- **DATA PROVIDED**:
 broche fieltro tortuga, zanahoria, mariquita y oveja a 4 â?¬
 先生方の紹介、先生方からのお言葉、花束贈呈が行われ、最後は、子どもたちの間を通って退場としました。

---

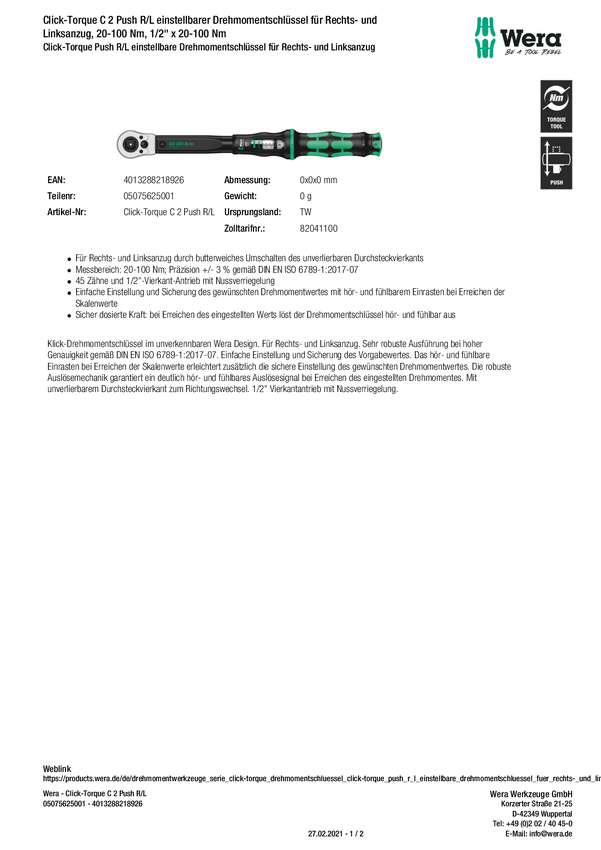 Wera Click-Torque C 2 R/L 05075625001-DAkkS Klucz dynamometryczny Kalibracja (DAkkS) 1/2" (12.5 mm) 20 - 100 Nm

- **WORK INSTRUCTION**: Starting at the line with "broche fieltro tortuga, zanahoria, mariquita" and ending at the line with "先生方の紹介、先生方からのお", print each line of the listing above exactly, with no other lines.

- **RESPONSE BELOW**:
 broche fieltro tortuga, zanahoria, mariquita y oveja a 4 â?¬
 先生方の紹介、先生方からのお言葉、花束贈呈が行われ、最後は、子どもたちの間を通って退場としました。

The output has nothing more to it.